A recap of first-, second-, and third-party data

  • First-party data is the data you collect directly from your audience.

Benefits: readily available, accurate, relevant, secure and cost-effective.

  • Second-party data is the data you buy from a partner company that collects from its audience.

Benefits: access to niche data outside of your first-party dataset, high-quality, precise, transparent, allows for price negotiations and opportunities for a long-term business relationship.

  • Third-party data is mainly data collected from various data owners by an aggregator (who may have no connection with you) and sold as a packaged data set. In this topic, data marketplaces fall under this category as the data sets are aggregated from various data sources.

Benefits: fills the gaps of the first and second-party data by providing larger data sets of external audience segments and events.

Unlike the first- and second-party data, third-party data allows a company to widen its horizons and take into account external events like demographic, geographic, economic and political changes that may or may not affect the company.

This is especially useful for companies looking to enter new markets, enhance their product line, check on the competition, design premium services, and do any venture that the company has no familiarity with.

Third-party data fills the gaps of first- and second-party data.

For example, you, as a retail business owner, want to know who else would buy your products to expand your customer base and whether there are social media trends that can affect your business and how. But you can’t get this information straight from your customer database, so you have to browse the data marketplaces for these data sets.

Now, you’re wondering what’s in it for the data sellers. The answer is simply monetisation.
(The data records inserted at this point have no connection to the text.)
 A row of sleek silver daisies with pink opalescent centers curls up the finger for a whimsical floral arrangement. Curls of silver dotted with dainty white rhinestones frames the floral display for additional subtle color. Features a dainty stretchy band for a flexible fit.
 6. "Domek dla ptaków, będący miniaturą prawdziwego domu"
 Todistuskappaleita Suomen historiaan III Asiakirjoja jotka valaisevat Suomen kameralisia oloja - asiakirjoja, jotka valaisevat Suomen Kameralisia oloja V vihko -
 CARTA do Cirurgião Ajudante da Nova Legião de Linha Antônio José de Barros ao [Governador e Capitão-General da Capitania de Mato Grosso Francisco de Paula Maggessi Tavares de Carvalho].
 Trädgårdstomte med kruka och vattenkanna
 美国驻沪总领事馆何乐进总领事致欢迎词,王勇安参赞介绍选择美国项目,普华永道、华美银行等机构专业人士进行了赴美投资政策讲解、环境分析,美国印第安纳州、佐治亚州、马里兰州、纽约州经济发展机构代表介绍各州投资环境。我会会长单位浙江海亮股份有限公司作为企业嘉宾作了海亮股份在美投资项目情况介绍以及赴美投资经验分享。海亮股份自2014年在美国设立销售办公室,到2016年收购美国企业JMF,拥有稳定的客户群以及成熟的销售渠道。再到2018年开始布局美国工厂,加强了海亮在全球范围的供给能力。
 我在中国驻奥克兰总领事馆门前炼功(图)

Data marketplaces give data owners the opportunity to make money out of their data.

The main problem with data marketplaces

However, the benefits that accompany data marketplaces come at a cost. This hardly-discussed issue was raised last year by data exchange platform Harbr, who said that data has several characteristics that do not go well in a marketplace setting, which requires heavy standardisation. These characteristics include:

  • Adaptability to the extent of removing the traceability to its original form.
  • Easily replaceable.
  • Complexities in information, formats, delivery mechanisms, terms and pricing.
  • Raw, as in the data still needs to be processed for use.
  • Easy to copy or steal.

While these characteristics are worth considering, this is just what 1 data exchange platform said, so let’s take it with a pinch of salt.
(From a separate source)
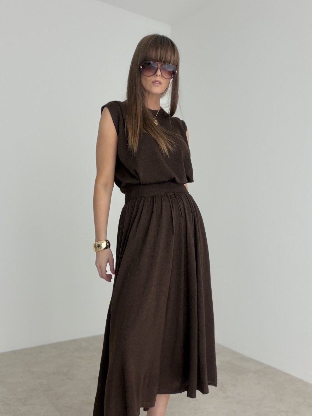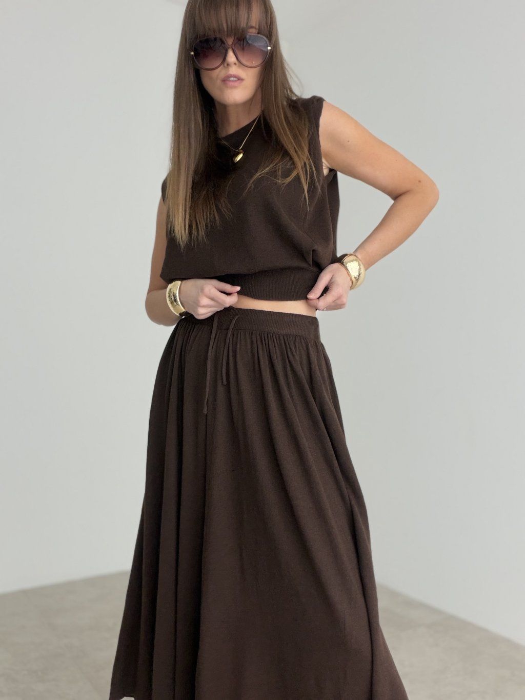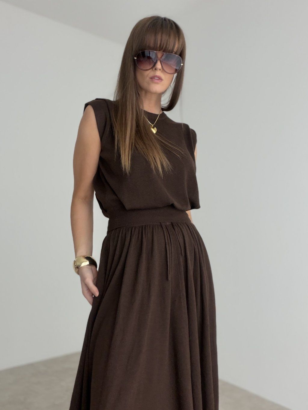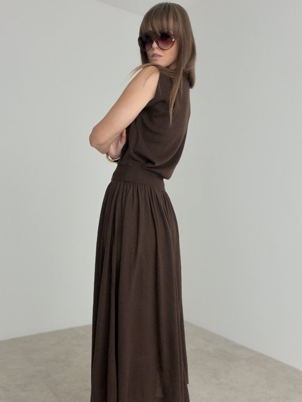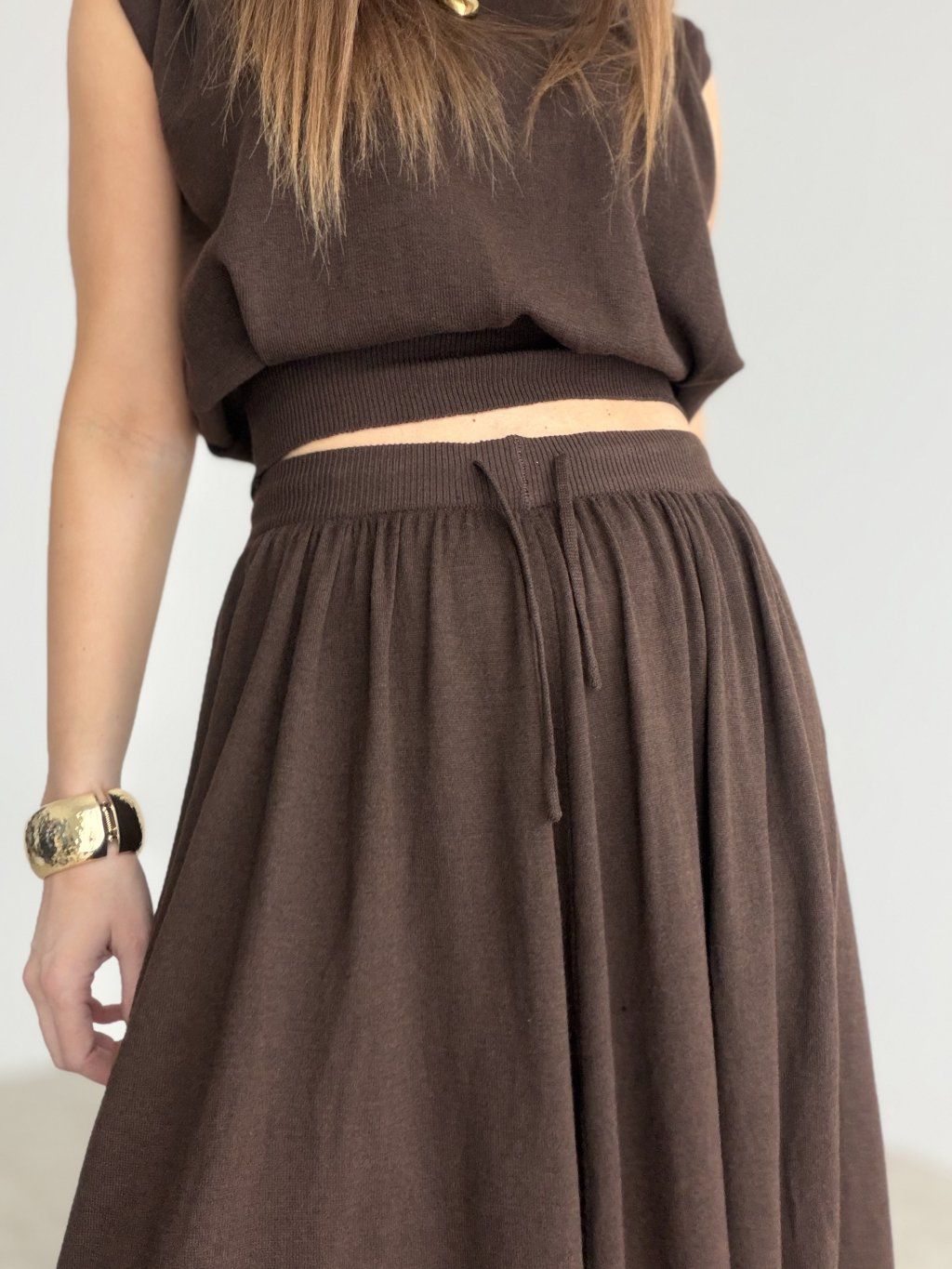 Elegantný komplet je stvorený pre ženy, ktoré milujú pohodlie, ženskosť a zároveň upravený vzhľad bez zbytočného premýšľania nad stylingom. Vrchný diel má jemne minimalistický strih, ktorý pôsobí moderne a čisto, zatiaľ čo spodný diel krásne splýva a pri pohybe vytvára veľmi efektný, ladný dojem. Spolu tvoria harmonický celok, ktorý pôsobí sofistikovane, nadčasovo a veľmi vkusne.

An interesting use case by Streamr

Streamr, the blockchain-based real-time data exchange platform mentioned earlier, collaborated with Bosch and Riddle & Code in 2019 to collect and share real-time electric vehicle data.
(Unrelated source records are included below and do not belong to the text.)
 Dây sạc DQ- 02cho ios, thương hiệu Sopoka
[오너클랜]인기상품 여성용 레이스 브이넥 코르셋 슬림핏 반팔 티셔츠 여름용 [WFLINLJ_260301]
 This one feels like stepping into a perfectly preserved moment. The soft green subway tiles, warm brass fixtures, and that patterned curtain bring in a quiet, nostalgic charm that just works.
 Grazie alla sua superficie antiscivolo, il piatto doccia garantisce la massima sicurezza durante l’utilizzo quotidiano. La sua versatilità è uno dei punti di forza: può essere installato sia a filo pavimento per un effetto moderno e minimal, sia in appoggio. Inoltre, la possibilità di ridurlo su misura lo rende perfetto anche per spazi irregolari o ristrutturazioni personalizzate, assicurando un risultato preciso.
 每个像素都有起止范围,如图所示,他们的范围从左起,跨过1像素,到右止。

Making this pilot project possible are sensors, connected devices and software inside a Jaguar I-PACE electric vehicle to collect and send car IoT data to the Streamr Marketplace in real-time.

The aggregated car data can then be sold to highway agencies, smart cities, car manufacturers, insurance companies and other drivers for the following purposes:

  • Road infrastructure decisions
  • Car design decisions
  • Car insurance policies
  • Safety measures
  • Journey optimisation

You can watch a nice video about it on Streamr’s website.


A data marketplace, of which there are 3 types, is an external source of curated third-party data sets that can enhance the users’ data analysis on top of the users’ internal and partner data sets. It’s interesting to note that some data marketplaces rely on blockchain technology to function.

Despite the issues surrounding the characteristics of data versus the standardised marketplace setting, data marketplaces make these data sets more searchable and accessible to users amidst the ever-expanding universe of Big Data.